Each entry that follows should be given again word for word; please leave out its pictures.

···

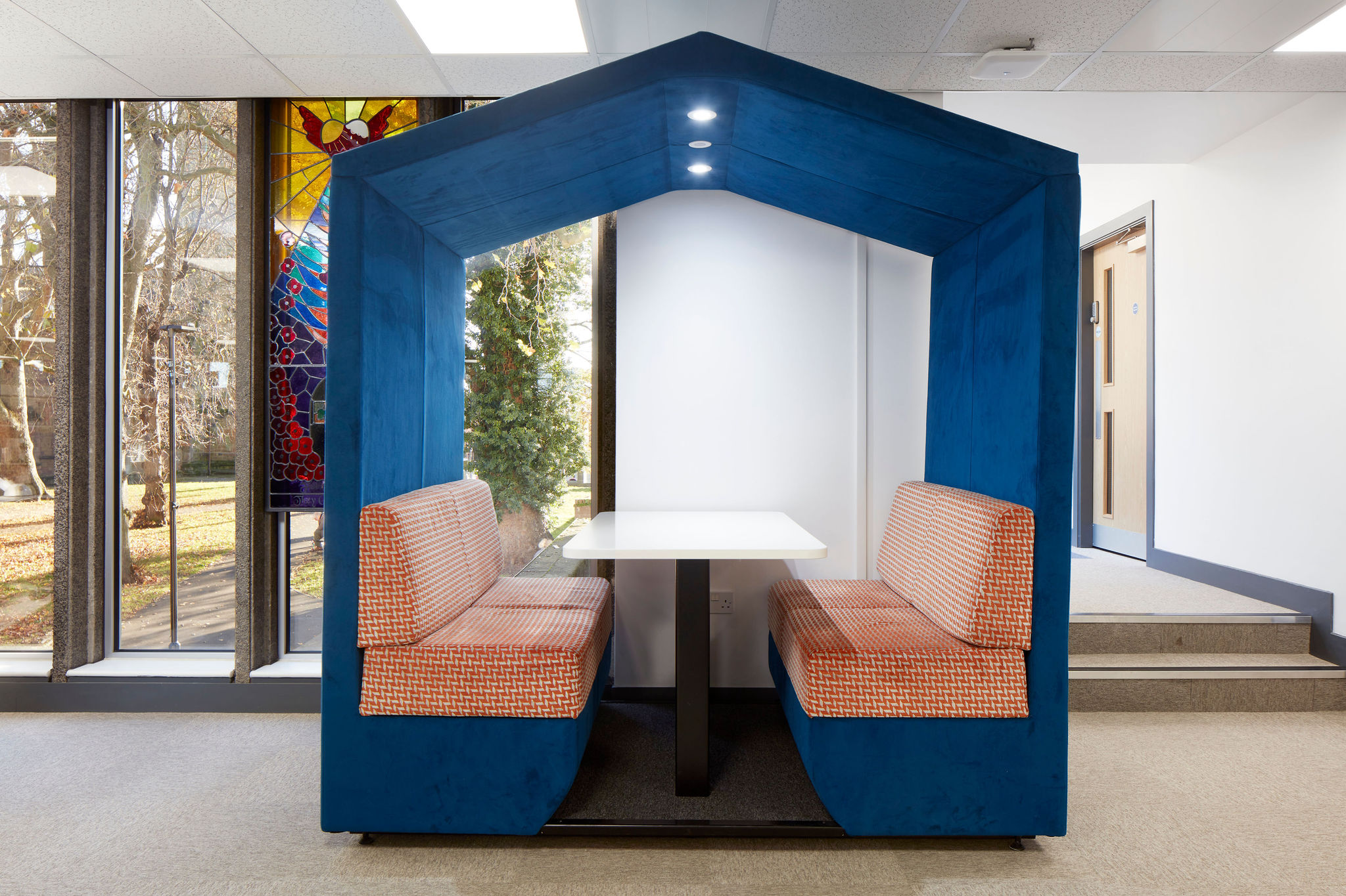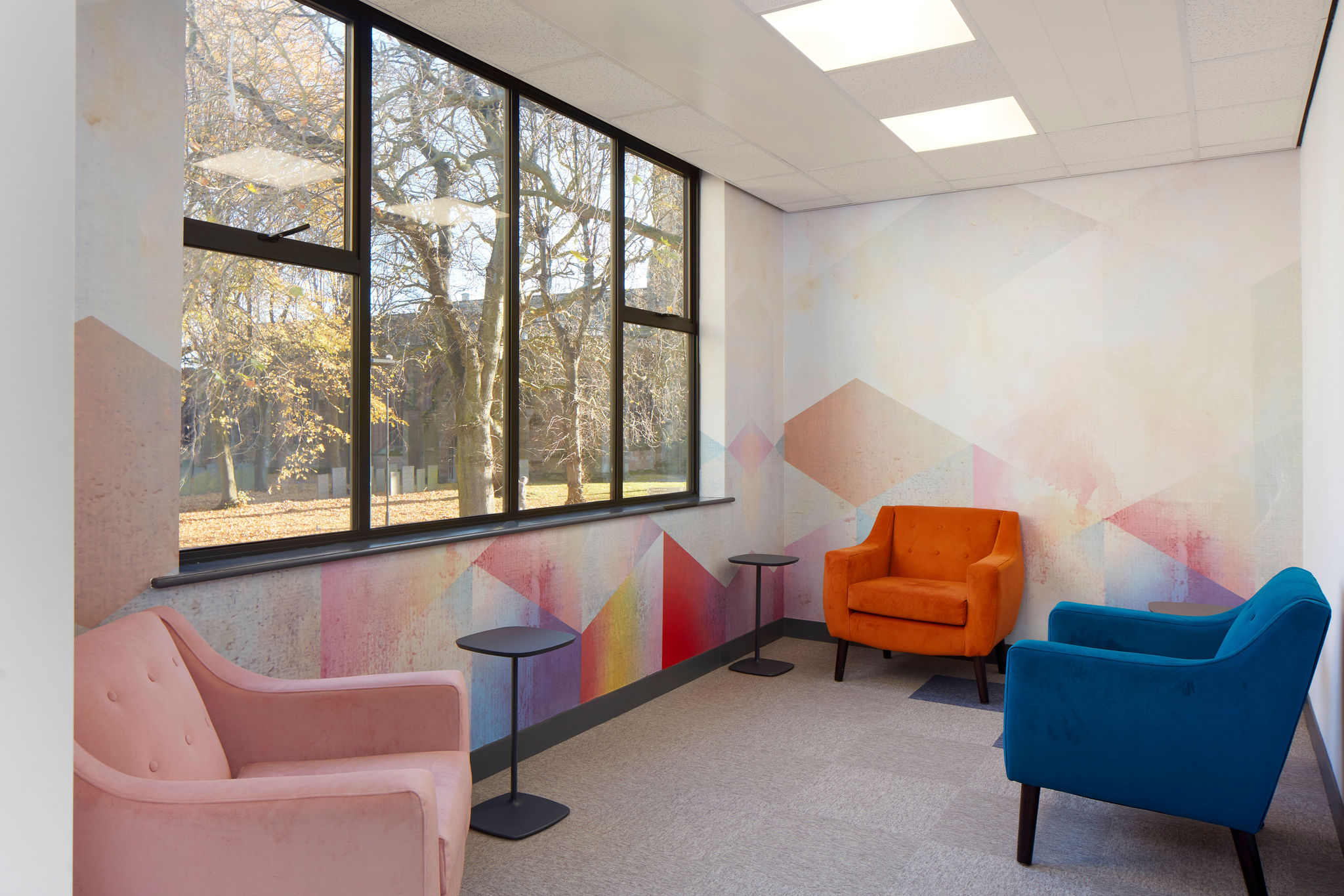 Special attention to detail was paid to the fabric selection and colours for all the soft furnishings. Thedesignconcept ltd. chose all the paint finishes throughout the library and these are complimented with the use of carefully selected digital graphics and inspirational quotes that lift the overall mood of the space; allowing for more positive and motivated users. We designed a carpet layout that also punches with random placement of colour that will work with any future layout of the space.
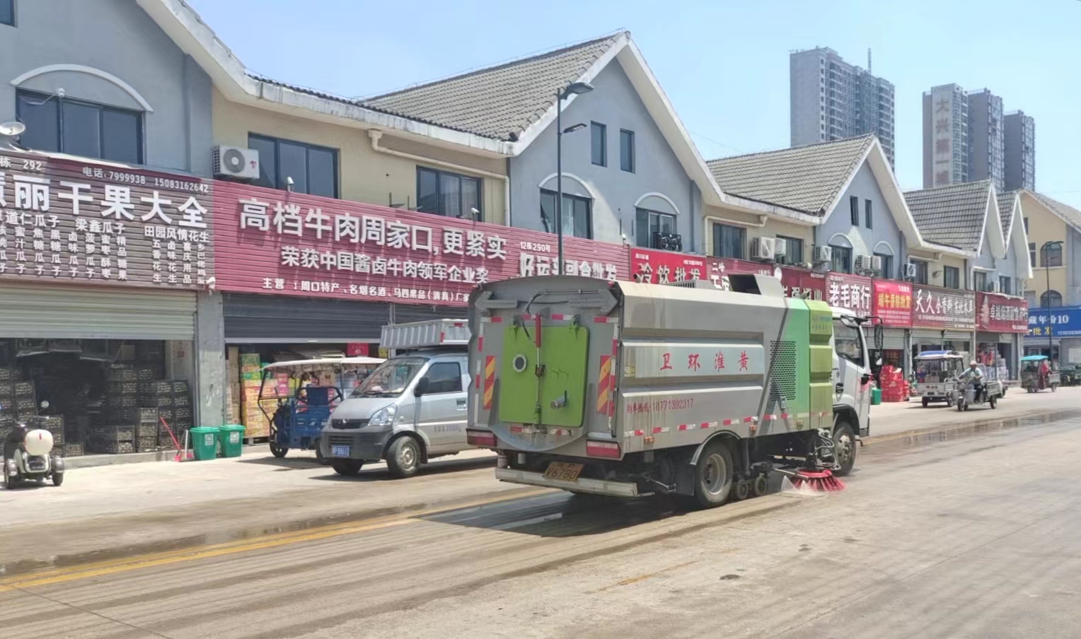标有“黄淮环卫”字样的车辆进行大面积清洁作业
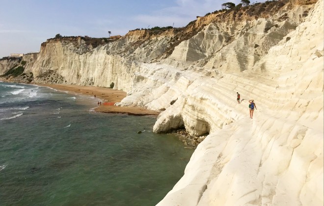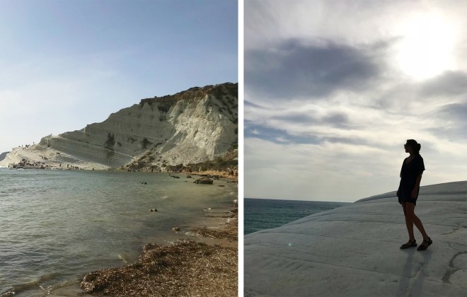 Scala dei Turchi is only 15 minutes west of the Valley of the Temples by car via SS115 and SP68 (keep an eye out for blue parking signs for various lots along the way). After you arrive expect a set of steep wooden stairs down to the beach, then continue across a shallow bay (good water shoes recommended!) to the base of the cliffs. You can escape some of the crowds by walking a little further out along the face of the cliff, which will eventually lead you to another beach area.
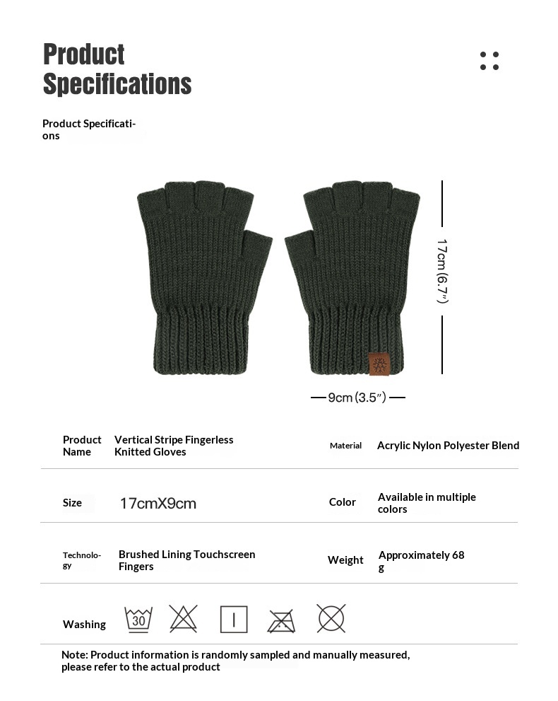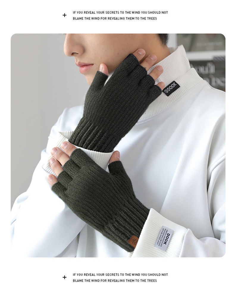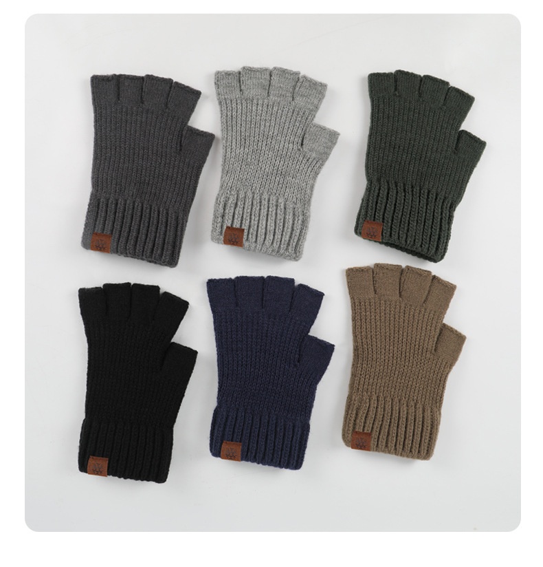 Product information: Fabric Name: Acrylic Colors: Army Green, Coffee, Light Gray, Dark Gray Main Fabric Composition: Acrylic Size: One Size Fits All Features: Touchscreen Compatible, Warm, Windproof Suitable Season: Winter Style: Half-Finger Gloves Design Style: Original Design
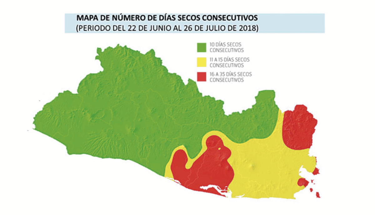El 25 de julio de este año, el MARN reportó 11 días consecutivos sin lluvias en la zona oriental, proporcionales a una sequía meteorológica débil en municipios como Chapeltique, El Sauce, San Miguel, Concepción de Oriente, Las Pilas, Metapán, Planes de Montecristo, Pasaquina, Nueva Esparta, Ostúa, Angue, San Francisco Gotera y Jiquilisco.
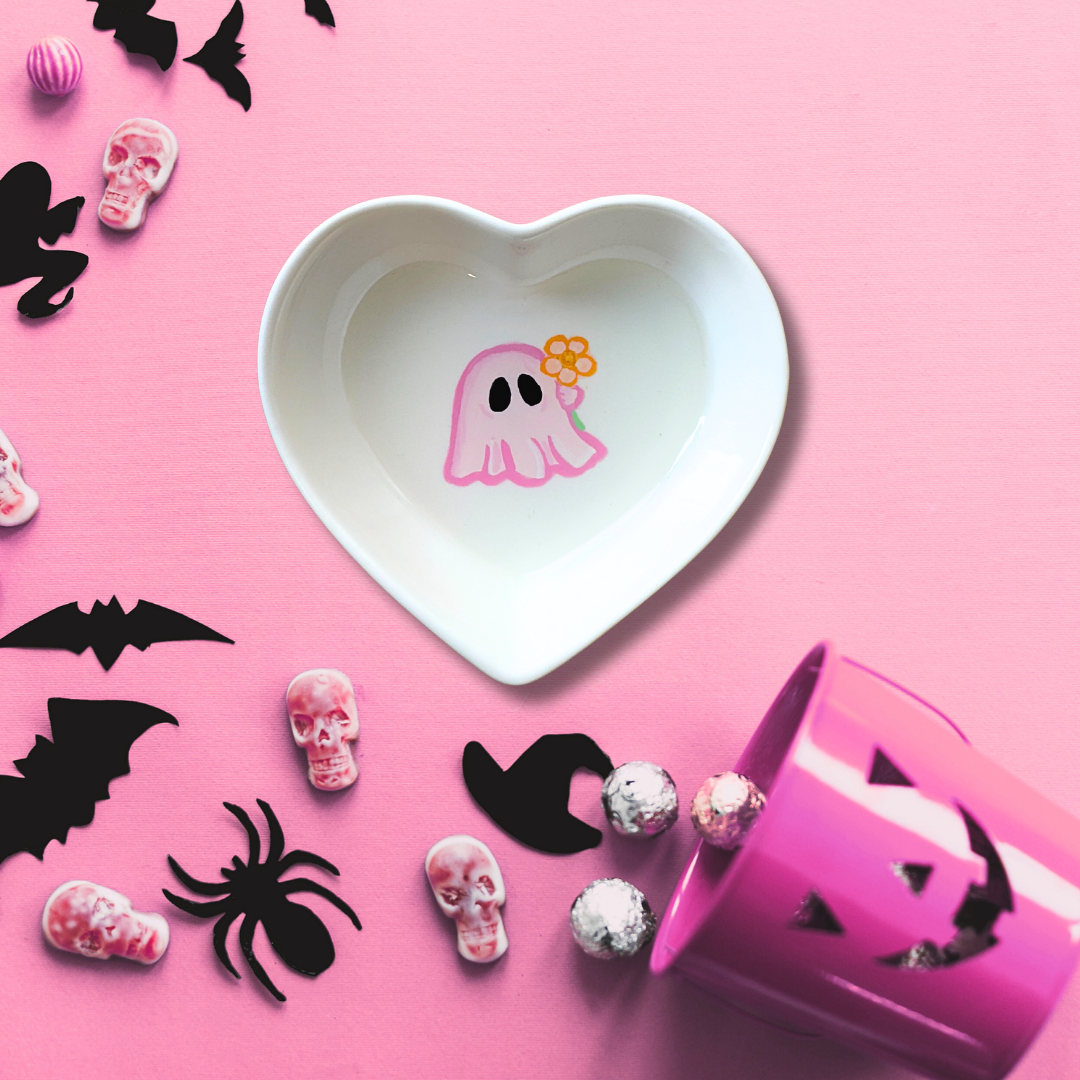 Indulge in the whimsical charm of our Pink Ghostie Trinket Dish. This hand-painted heart shaped dish features a cute pink ghostie holding a delicate flower, preserved with a glossy resin finish. Perfect for storing your small treasures and adding a touch of playful magic to any space.
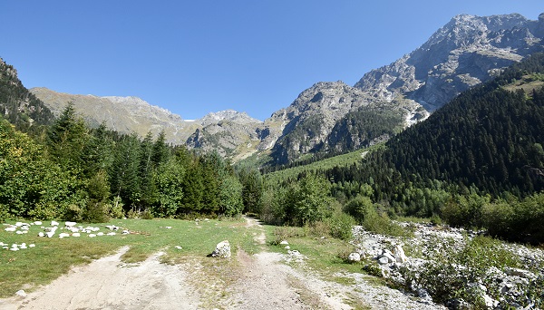 Der beliebteste Wanderweg in der Region führt vom Grand Hotel Ushba aus zum Ushba Gletscher. Uns beiden war schon klar, dass diese Tour für uns zu anstrengend ist, dazu waren wir einfach nicht fit genug. Vor allem hatte ich gerade einen tagelangen Durchfall überstanden und konnte am Abend zuvor zum ersten Mal wieder richtig beim Essen zulangen. Trotzdem fühlte ich mich noch ein bisschen geschwächt.
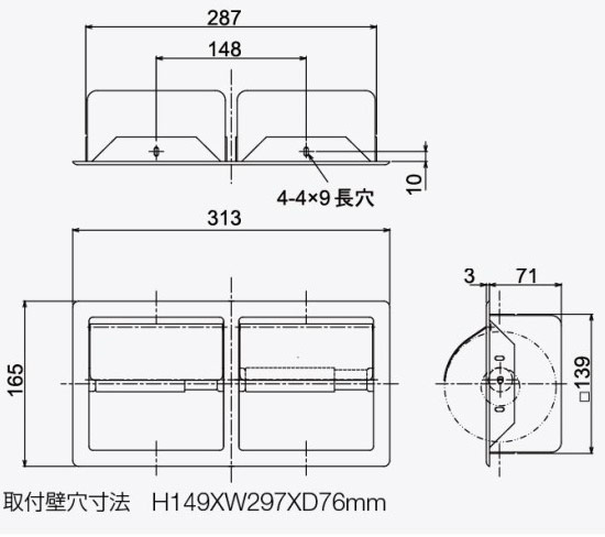 2連 ダブル ペーパーホルダー トイレ トイレットペーパーホルダー アンティーク トイレペーパーホルダー ペーパーホルダーカバー ロールペーパーホルダー(ヨコ 2連 埋込型):HR-Rr298c6

···

* [Exercise output]
 Special attention to detail was paid to the fabric selection and colours for all the soft furnishings. Thedesignconcept ltd. chose all the paint finishes throughout the library and these are complimented with the use of carefully selected digital graphics and inspirational quotes that lift the overall mood of the space; allowing for more positive and motivated users. We designed a carpet layout that also punches with random placement of colour that will work with any future layout of the space.
标有“黄淮环卫”字样的车辆进行大面积清洁作业
 Scala dei Turchi is only 15 minutes west of the Valley of the Temples by car via SS115 and SP68 (keep an eye out for blue parking signs for various lots along the way). After you arrive expect a set of steep wooden stairs down to the beach, then continue across a shallow bay (good water shoes recommended!) to the base of the cliffs. You can escape some of the crowds by walking a little further out along the face of the cliff, which will eventually lead you to another beach area.
 Product information: Fabric Name: Acrylic Colors: Army Green, Coffee, Light Gray, Dark Gray Main Fabric Composition: Acrylic Size: One Size Fits All Features: Touchscreen Compatible, Warm, Windproof Suitable Season: Winter Style: Half-Finger Gloves Design Style: Original Design
El 25 de julio de este año, el MARN reportó 11 días consecutivos sin lluvias en la zona oriental, proporcionales a una sequía meteorológica débil en municipios como Chapeltique, El Sauce, San Miguel, Concepción de Oriente, Las Pilas, Metapán, Planes de Montecristo, Pasaquina, Nueva Esparta, Ostúa, Angue, San Francisco Gotera y Jiquilisco.
 Indulge in the whimsical charm of our Pink Ghostie Trinket Dish. This hand-painted heart shaped dish features a cute pink ghostie holding a delicate flower, preserved with a glossy resin finish. Perfect for storing your small treasures and adding a touch of playful magic to any space.
 Der beliebteste Wanderweg in der Region führt vom Grand Hotel Ushba aus zum Ushba Gletscher. Uns beiden war schon klar, dass diese Tour für uns zu anstrengend ist, dazu waren wir einfach nicht fit genug. Vor allem hatte ich gerade einen tagelangen Durchfall überstanden und konnte am Abend zuvor zum ersten Mal wieder richtig beim Essen zulangen. Trotzdem fühlte ich mich noch ein bisschen geschwächt.
 2連 ダブル ペーパーホルダー トイレ トイレットペーパーホルダー アンティーク トイレペーパーホルダー ペーパーホルダーカバー ロールペーパーホルダー(ヨコ 2連 埋込型):HR-Rr298c6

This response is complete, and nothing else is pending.